[Data items]
****************************************

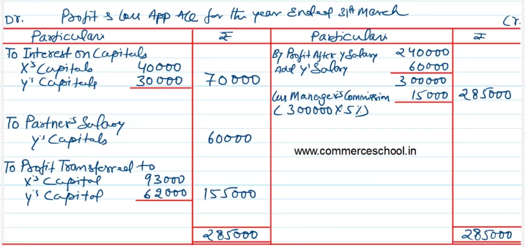 [Ans: Provision for Manager’s Commission – ₹ 15,000 (i.e., 5% of ₹ 3,00,000), Share of Profit: X – ₹ 93,000; Y – ₹ 62,000.]
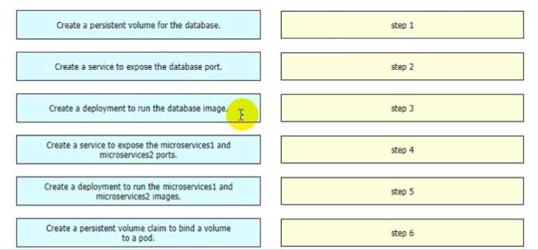using the provided docker-compose yml file Drag and drop the steps from the left into order on the
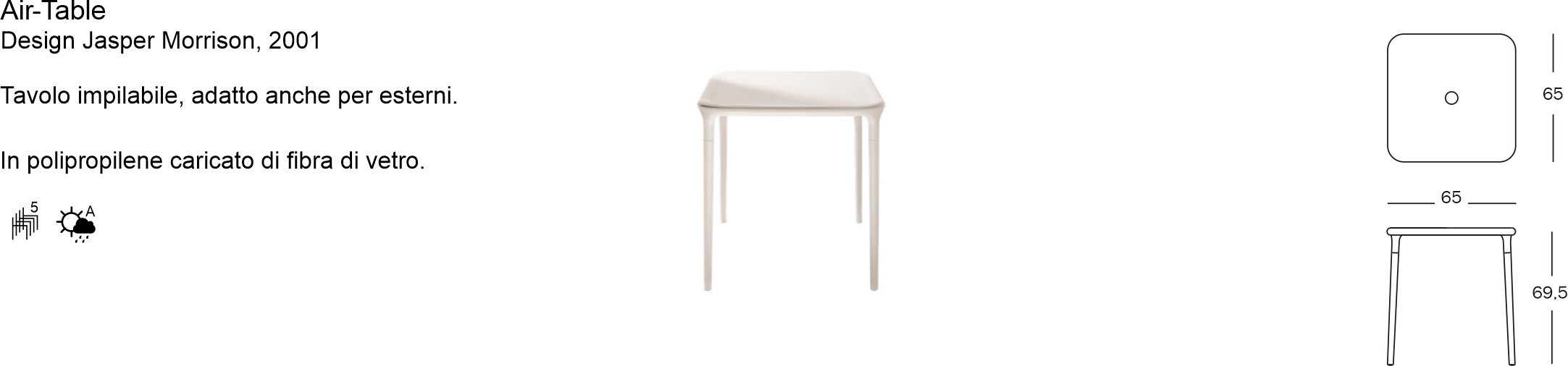 Tavolo impilabile, adatto anche per esterni.
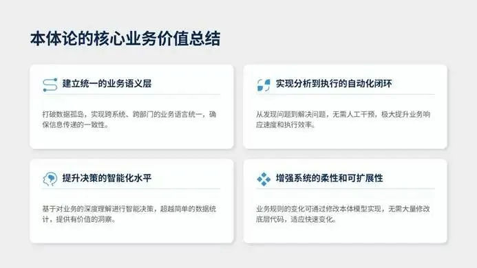 在数字化转型的深水区,企业的竞争早已不再是单一系统的竞争,而是整个体系效率和智能的竞争。本体论思想,正是帮助我们构建这种智能体系的关键钥匙。
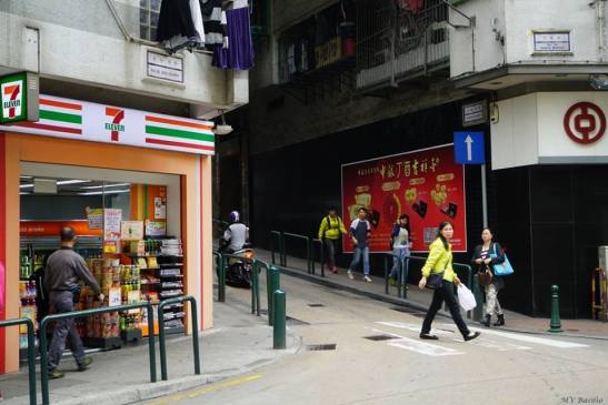 A placa toponímica no canto superior direito assinala o início da Rua da Praia do Manduco, do lado da numeração ímpar. A rampa é a Calçada do Januário. A placa toponímica colocada no lado esquerdo, por cima da loja 7 Eleven, indica o início da Rua de João Lecaros.
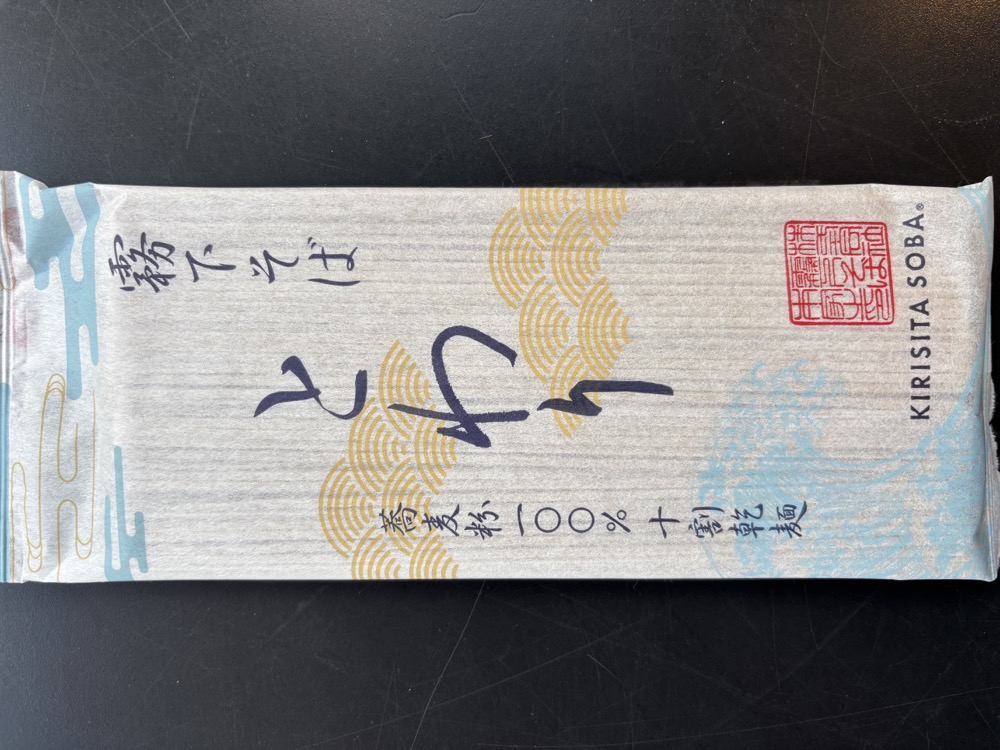 ▲「霧下そば とわり」(600円)を購入。これまで不可能といわれた[そば粉100%〈十割〉の乾麺]が、特殊加工により粘着性を強化したそば粉をつなぎにブレンドして完成したそうです。会社ホームページ内の紹介が、なかなか興味深くて勉強になります。
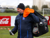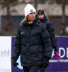 Þá ganga liðin inn á völlinn, í sitthvoru lagi, eins og venjan er vegna sóttvarnarráðstafana. KR koma fyrstar út á völl og Stjarnan fylgir í kjölfarið.
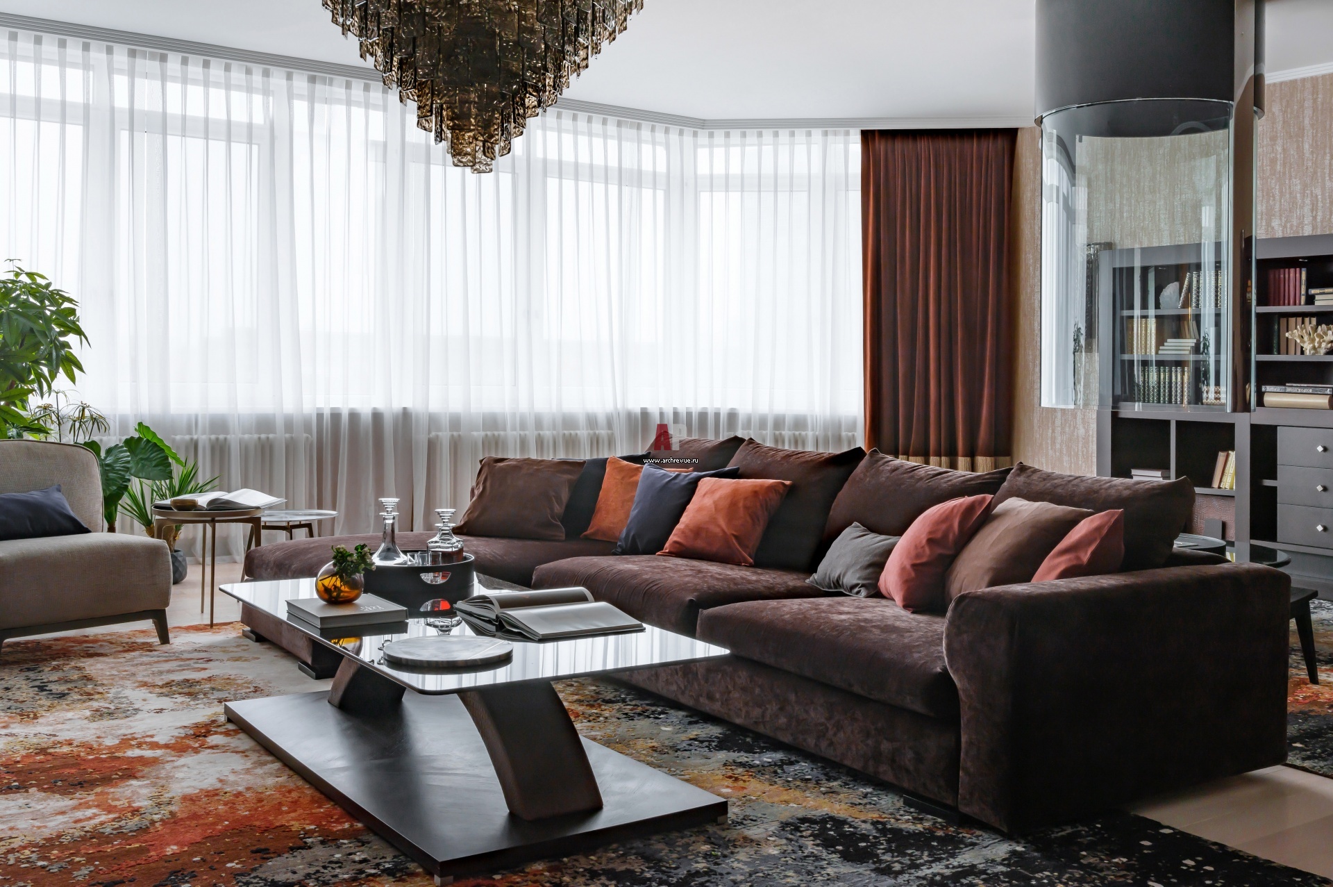 Гостиная разделена на зоны, отчего большое пространство воспринимается более уютным и домашним. Журнальный столик, Smania. Кресло, Flou. Придиванные столики, Alivar. Центральная люстра из муранского стекла, Patrizia Volpato. В «рисунке» ковра собраны все оттенки, используемые в дизайне интерьера.
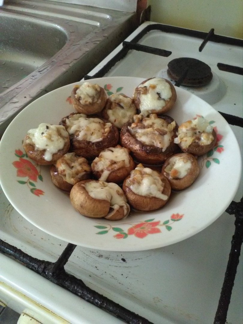 Dupa ce am luat de pe foc ceapa cu ciupercile calite, se amesteca cu cascavalul ras si se umplu ciupercile, dupa care se dau 10 minute la cuptor.
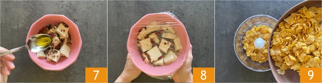 Also add a tablespoon of oil 7 and mix well. Cover the bowl with plastic wrap 8 and place in the refrigerator for 30 minutes to marinate. Meanwhile, pour the cornflakes into a blender 9.
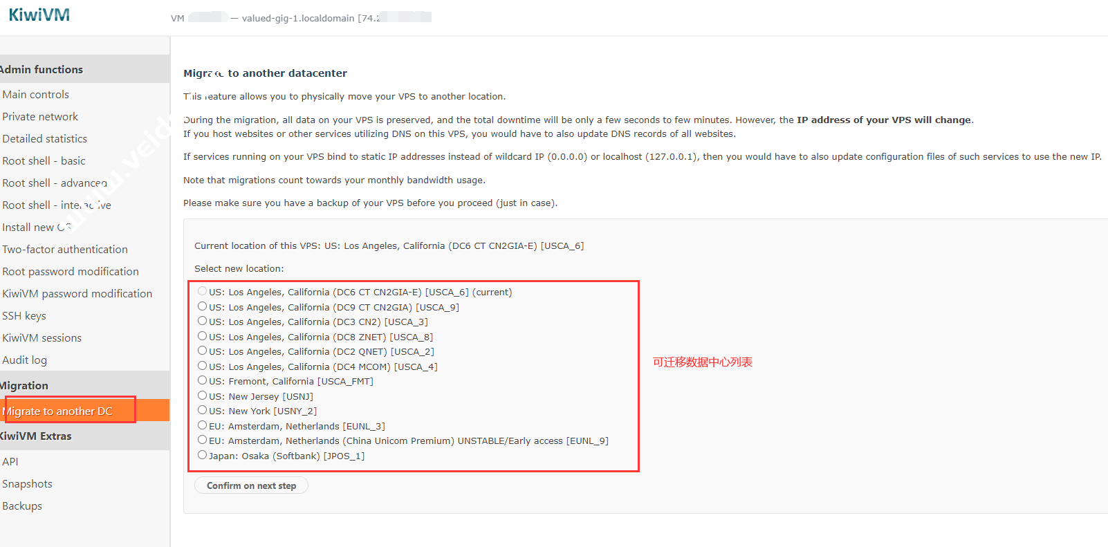 进入KiwiVM面板后,点击Migrate to another DC(迁移到其他数据中心)
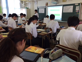2年生英語科では将来の夢を英語でプレゼンテーションしました。タブレットを使用して発表ノートを作成し、プレゼンテーションの準備を行いました。
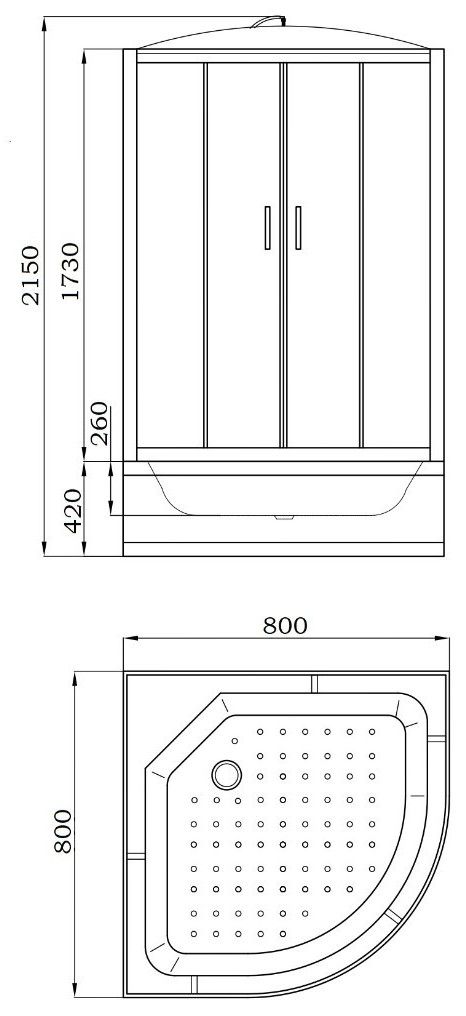 МОНТАЖ БЕЗ СИЛИКОНАКабина EF821 душевая PARLY (80х80х215)Размер: 80х80х215 смКомпактная кабина подойдет для небольших ванных комнат. Светлая модель практична и проста в уходе.Достоинства:

****************************************

In the data above, find the line with "Tavolo impilabile, adatto anche per esterni." and the line with "Þá ganga liðin". Please copy exactly those two lines and every line between them, but not the pictures.

Written answer
 Tavolo impilabile, adatto anche per esterni.
 在数字化转型的深水区,企业的竞争早已不再是单一系统的竞争,而是整个体系效率和智能的竞争。本体论思想,正是帮助我们构建这种智能体系的关键钥匙。
 A placa toponímica no canto superior direito assinala o início da Rua da Praia do Manduco, do lado da numeração ímpar. A rampa é a Calçada do Januário. A placa toponímica colocada no lado esquerdo, por cima da loja 7 Eleven, indica o início da Rua de João Lecaros.
 ▲「霧下そば とわり」(600円)を購入。これまで不可能といわれた[そば粉100%〈十割〉の乾麺]が、特殊加工により粘着性を強化したそば粉をつなぎにブレンドして完成したそうです。会社ホームページ内の紹介が、なかなか興味深くて勉強になります。
 Þá ganga liðin inn á völlinn, í sitthvoru lagi, eins og venjan er vegna sóttvarnarráðstafana. KR koma fyrstar út á völl og Stjarnan fylgir í kjölfarið.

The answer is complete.